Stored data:
--- START ---
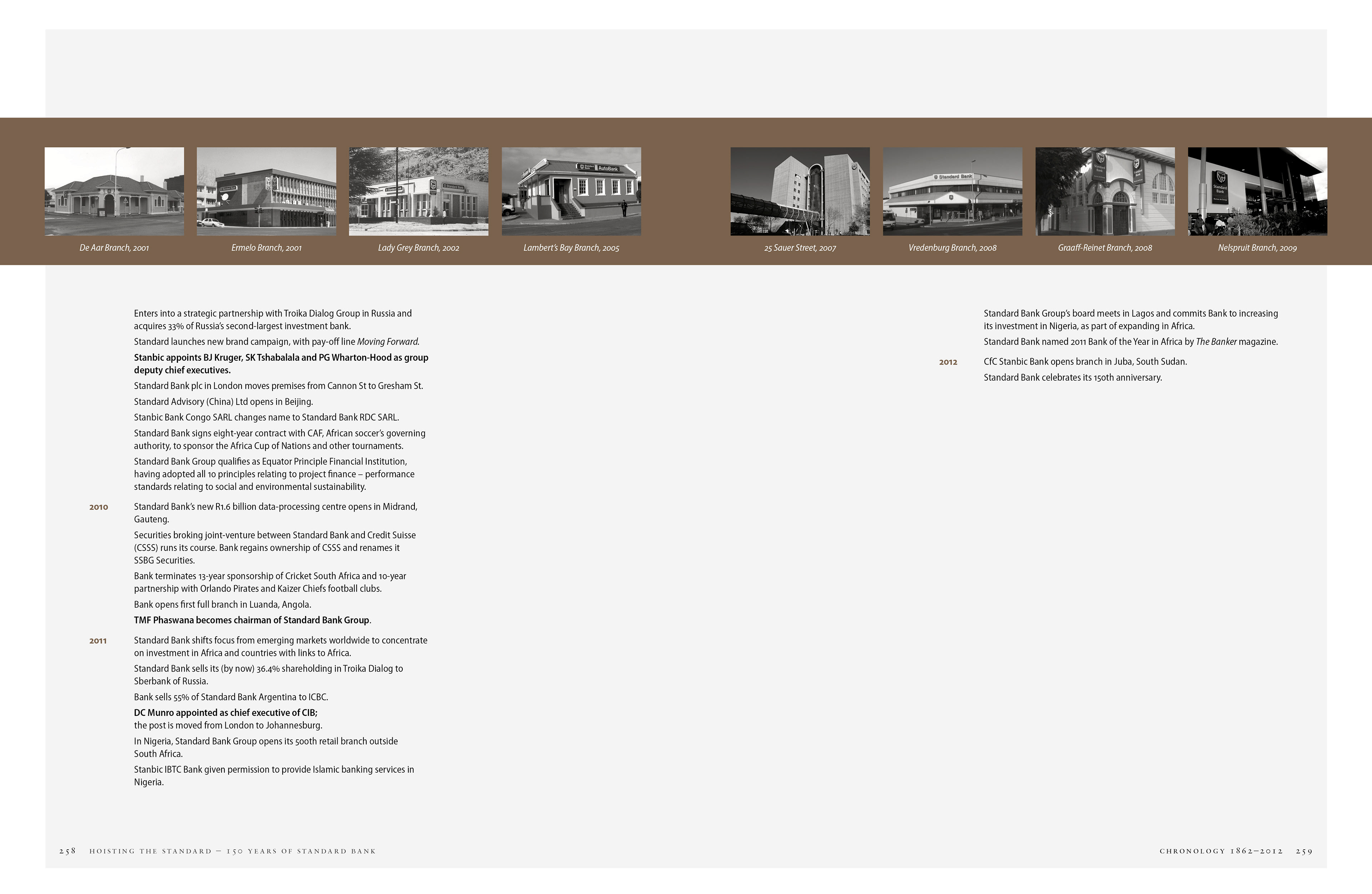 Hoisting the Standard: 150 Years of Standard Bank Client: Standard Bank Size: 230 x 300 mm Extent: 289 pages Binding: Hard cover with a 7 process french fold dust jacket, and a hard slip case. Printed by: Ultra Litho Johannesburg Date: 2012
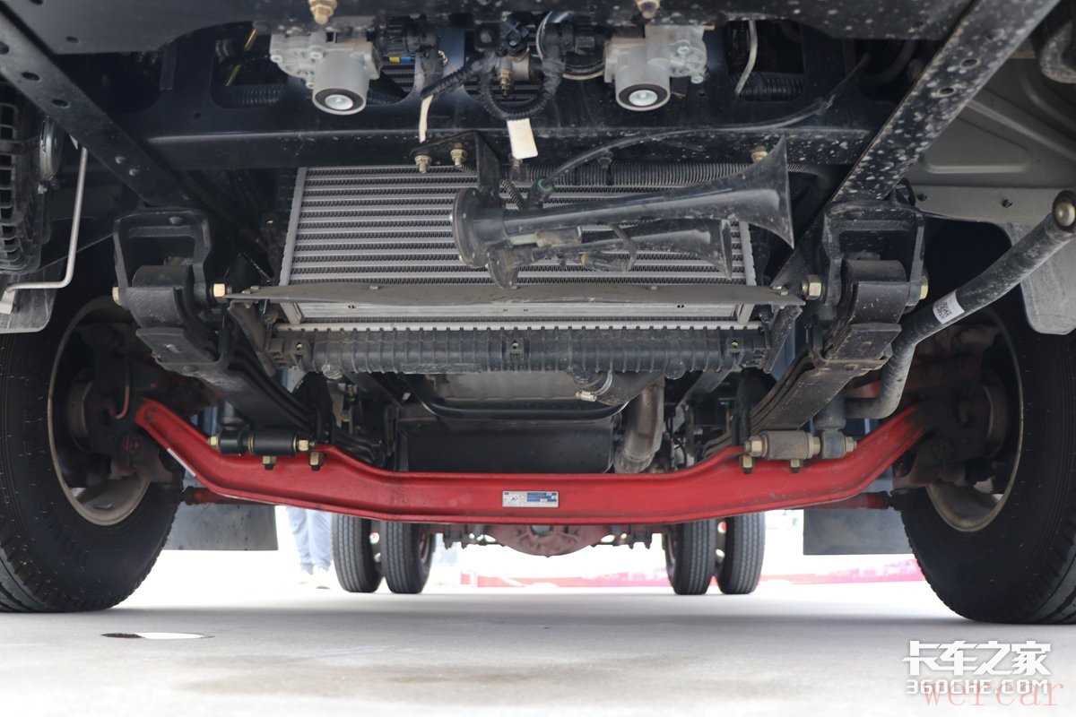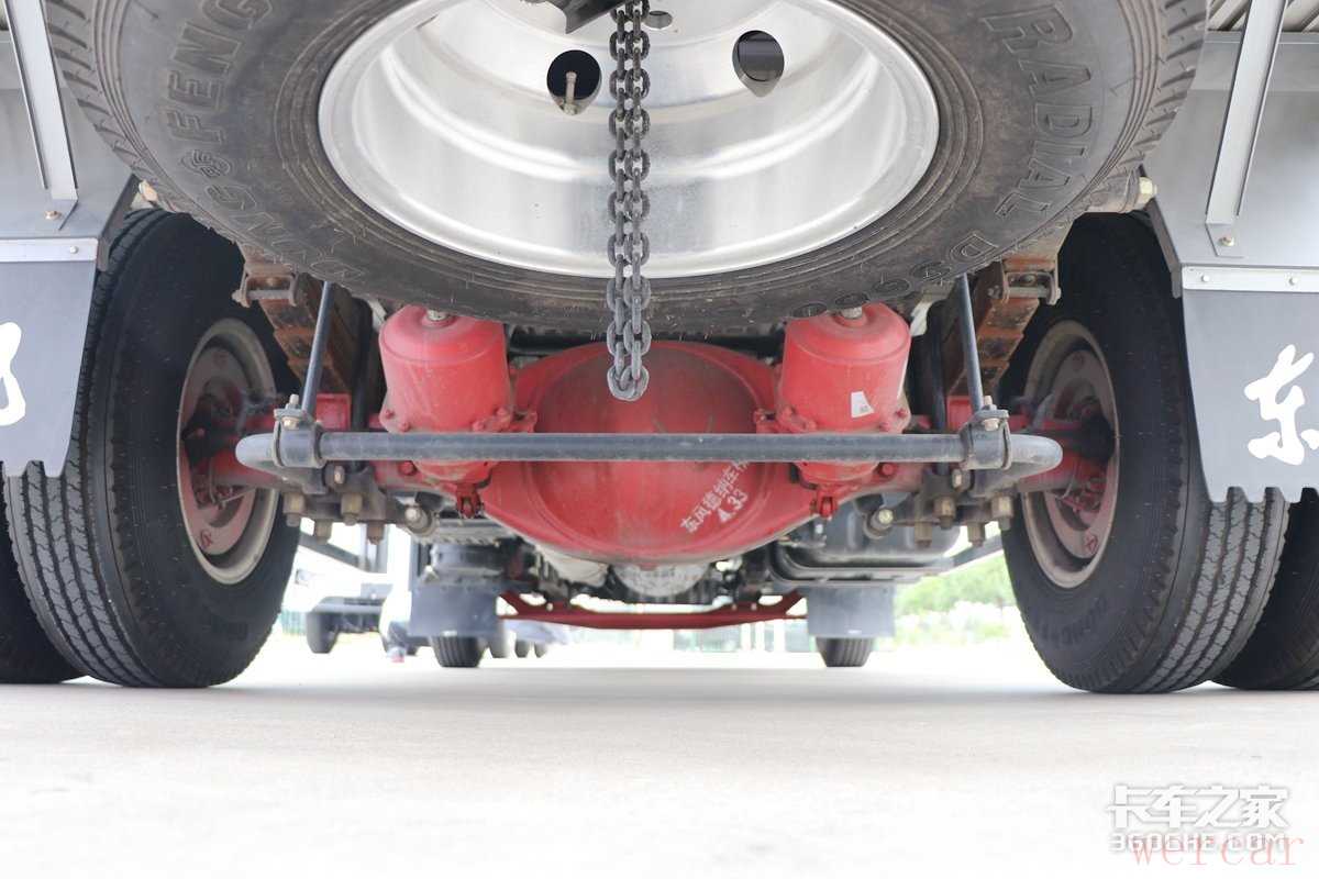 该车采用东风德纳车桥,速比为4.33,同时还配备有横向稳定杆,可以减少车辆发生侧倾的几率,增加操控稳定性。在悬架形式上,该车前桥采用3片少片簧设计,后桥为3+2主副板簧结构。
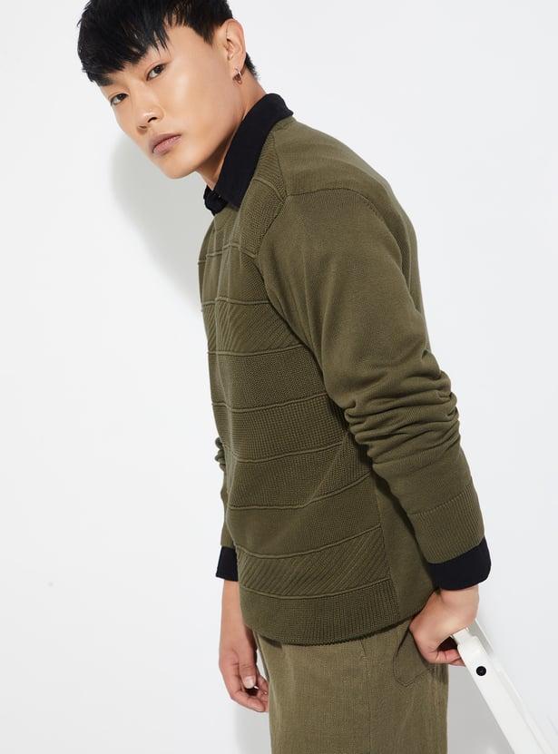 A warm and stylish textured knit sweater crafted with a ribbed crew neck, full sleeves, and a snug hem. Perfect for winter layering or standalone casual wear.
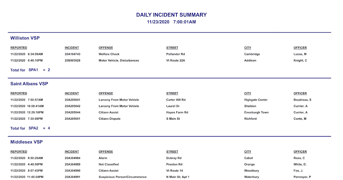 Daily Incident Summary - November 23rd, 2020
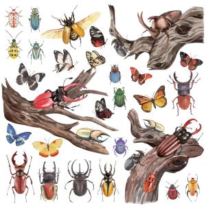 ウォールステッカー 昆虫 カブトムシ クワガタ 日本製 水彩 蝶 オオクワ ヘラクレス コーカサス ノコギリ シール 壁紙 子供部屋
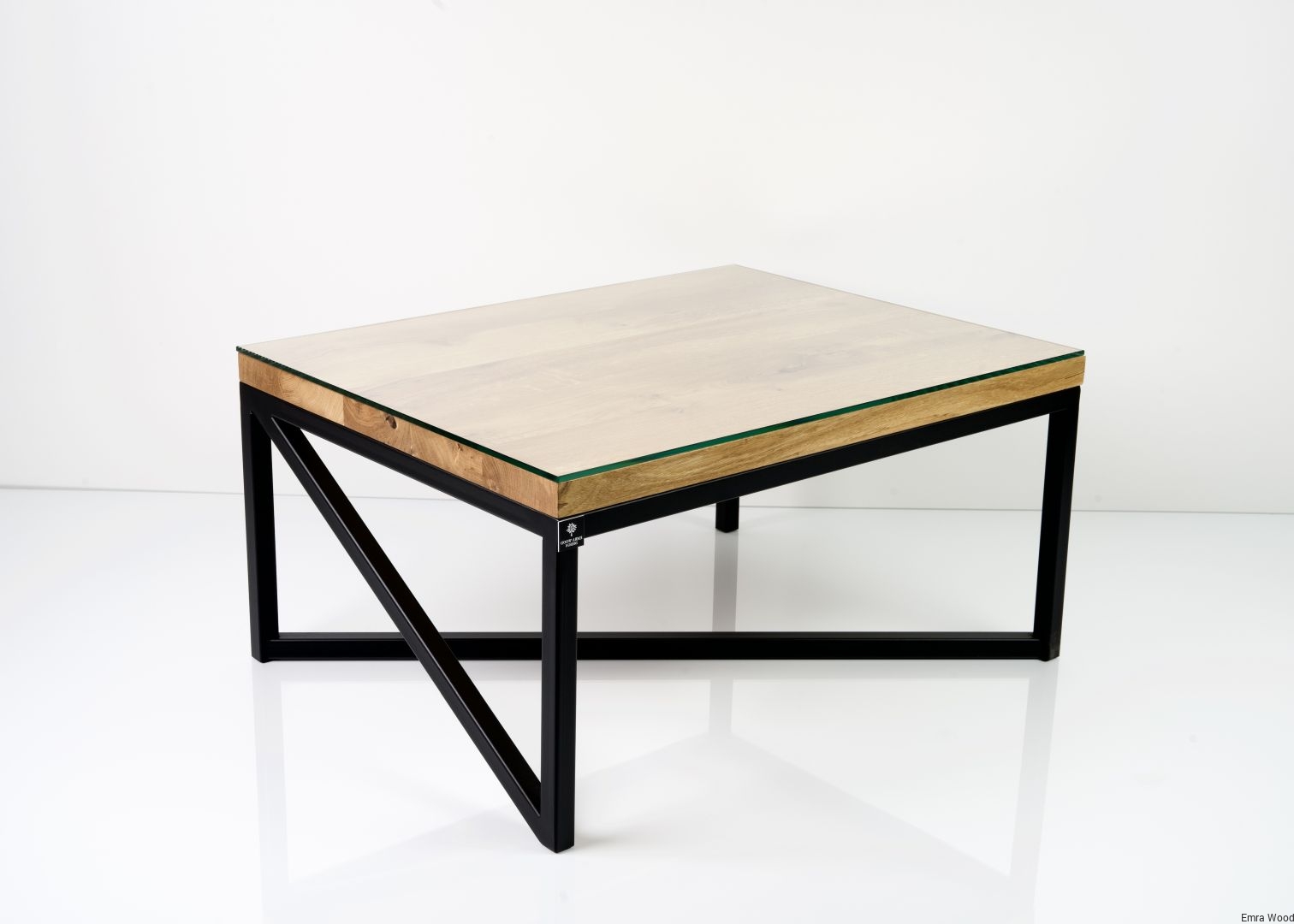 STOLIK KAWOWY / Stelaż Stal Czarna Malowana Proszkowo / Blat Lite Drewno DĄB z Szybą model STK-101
--- END ---
TRY IT:
Transcribe nothing but the lines from the one containing "Daily Incident Summary - November 23rd, 2020" through the final line of the records, exactly as written and without pictures.

REPLY:
 Daily Incident Summary - November 23rd, 2020
 ウォールステッカー 昆虫 カブトムシ クワガタ 日本製 水彩 蝶 オオクワ ヘラクレス コーカサス ノコギリ シール 壁紙 子供部屋
 STOLIK KAWOWY / Stelaż Stal Czarna Malowana Proszkowo / Blat Lite Drewno DĄB z Szybą model STK-101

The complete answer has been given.